While playing about with this I had thoughts of writing an application to perform this work en masse for other databases. The idea being you point the tool at a database, select a form, and enter some mapping information against the fields you wish to migrate (target field name, target data type, etc). The tool would then prompt you for a view containing your source documents, and run through generating a SQL script. I thought about this for all of 10 minutes before ruling it out due to the serious limitations it would have:
- The app wouldn't be able to handle Rich Text fields. Sure, I could create a text only abstract version and insert that, but all formatting, objects, and attachments would be lost. I suspect this would be unacceptable.
- For it to be useful against any semi-complex Notes applications, you'd really want to find a way to work on any child documents and restore the heirachy in the target database. This is more work than I was prepared to put in (and all MY data is flat!)
- The thought of doing more than 15 mins worth of coding at a time in Notes is a real turn off.
(Having said that, if there's high demand out there I could still be convinced, so please leave a comment if this is something you might have a use for.)
So where does this leave me? I have a way of getting historical text based data out of my source website database, and porting it into Subtext. The method is adaptable so that I could use it against other Notes databases, but it'd require a bit of developer tweaking here and there. It's not something which would work for Rich text data, and it's not the sort of process that someone who isn't fluent in SQL scripts as well as Notes/Domino development would want to be spending time with. My data will be liberated.

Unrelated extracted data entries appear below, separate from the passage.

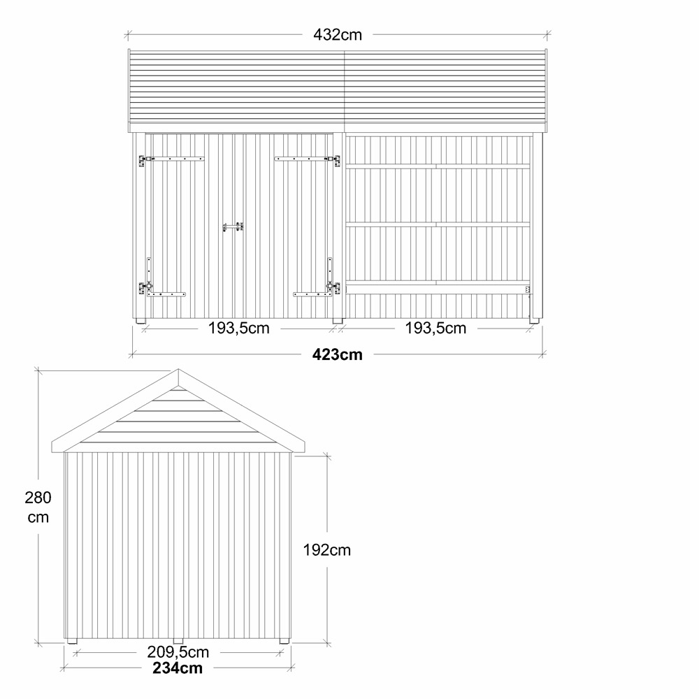 Den åpne delen gir rask tilgang til sykler, ved eller hageredskap, mens rommet bak dobbeldøren gir trygg og værbeskyttet oppbevaring.
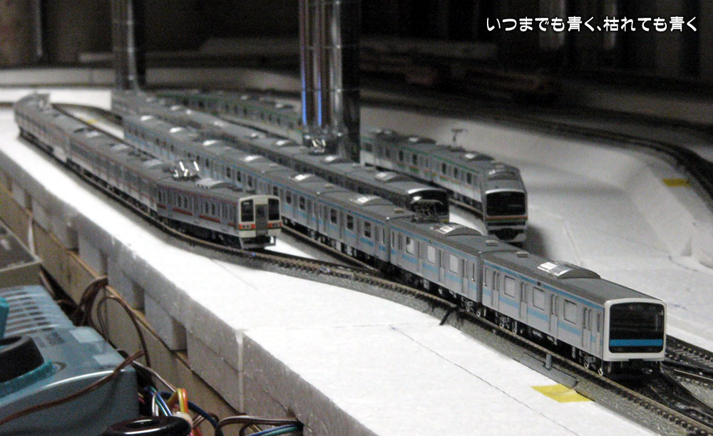 211系、209系、E217系、E231系の8輌編成が並び、走らせてすれ違いの風景などを眺めているとなにもないレイアウトでありながら時間を忘れてしまうほど楽しいです。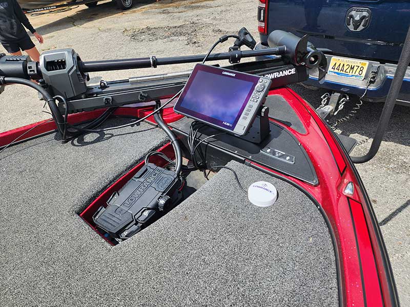 Console Lowrance HDS LIVE 16 flush-mounted fishfinder w/HD transducer, Active Target, and 3 in 1 Transducer, (Also on trolling motor).

While doing all of this, I couldn't help but think of various conversations I've read in past years about 'vendor lock in'. During all of my years using Notes I'd never stopped to think about how proprietary Rich Text fields were. For a few years, I just used them. Around 1999/2000 I started trying to put rich text fields on the web, and started to see that there was a translation process there which didn't always go as smoothly as planned - that should have been all the warning I needed. It seems that wasn't the case. I can be a bit stubborn at times.
Every vendor wants to keep it's customers using their software. Why spend time developing products to help customers leave? It's simply not good business sense. Banks do it too - ever tried changing banks? All the things you'll need to update, the forms to fill out, the things you'll forget and need to update, it's going to take time and energy - and guess what? It's the same with software vendors. I know there's demand for this sort of thing out there. I've had a few emails from people looking for migration advice, and it's very hard to give at a generic level because it will vary depending on each persons individual situation as well as their level of knowledge in their source and destination platforms. However, I'm determined to complete this process for my data, and to make an honest attempt at documenting things along the way - hopefully that will come in the form of some articles in the future, or maybe even the odd application or two.